Now, on to my latest masterpiece. Bear with me, it’s a bit bulky and unwieldy at the moment, as it is still just a prototype. But you see here this apparatus sort of resembles a backpack, and it is connected via cables and springs and hoses to this crossbow-looking doohickey here. This backpack is what we Artificers call a generator — we can convert mundane materials into usable energy, see. My design requires burning material to generate steam, which turns a wheel, which rotates a copper coil around a gold rod, which transmits the energy to a capacitor for storage. It works best with coal, but I’ve also used wood, cats, and linens, in a pinch. Once the energy is stored, I pull the trigger on the crossbow, which completes a circuit to the capacitor, where — in an instant! — the electric energy is dumped into this steel and copper bolt, and the bolt flies off, still carrying this massive amount of energy. Now I’m still perfecting it, were I to fire it now, you wouldn’t feel the pain from the electricity over the pain from an unsterilized homemade bolt plunging into your soft, tender flesh.
I already have several contracts pending to produce such devices in bulk, and once I settle a deal, I can devote more resources into significantly improving this.

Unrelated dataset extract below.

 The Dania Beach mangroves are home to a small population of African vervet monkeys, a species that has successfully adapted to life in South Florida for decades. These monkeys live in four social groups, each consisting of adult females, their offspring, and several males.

In the meantime, I’m going to do what I encourage you all to do: Travel, and learn! Stuff your gooey brains with knowledge, my friends!
This letter was found, written years ago by Professor Scruffles about some shenanigans in a seedy port town:
So there I was, as a young lad, traveling around Garund gathering baubles and knicknacks. I traveled to Port Peril on the Western coast looking for some mermaid urine, and perhaps bag myself a dirty pirate hooker, just to say I did. I stopped off at the Formidably Maid, a salty, popular tavern, and promptly ordered myself a plate of cheese and some famous spiced rum, with bubbles!

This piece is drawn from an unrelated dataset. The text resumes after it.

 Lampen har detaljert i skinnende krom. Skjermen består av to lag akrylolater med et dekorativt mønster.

But it turns out they do not serve adorable cheese platters or bubbles in their spiced rum. This was a double shame, because I enjoy cheese and bubbles. Especially bubbling cheese.
But as luck would have it, their spiced rum was excellent, and I soon found myself in the company of two drunken cabin girls. All it took was promising them some pearls from the ocean after I harvested my mermaid urine!
But the next day, as I was swimming along, a shark caught the scent of the vennison-based anti-fungal cream I had been rubbing into my feet to treat a mild case of the Shroomtoe. The bad news is, I lost my leg. The good news is, the spectacle so terrified a nearby mermaid that she released her bladder and I was able to complete my mission!
Fast forward forty years or so, and now I’ve decided to head back to Port Peril and find those cabin girls and give them some pearls. If you know what I mean.
Hey, old Scruffles needs some lovin’, too!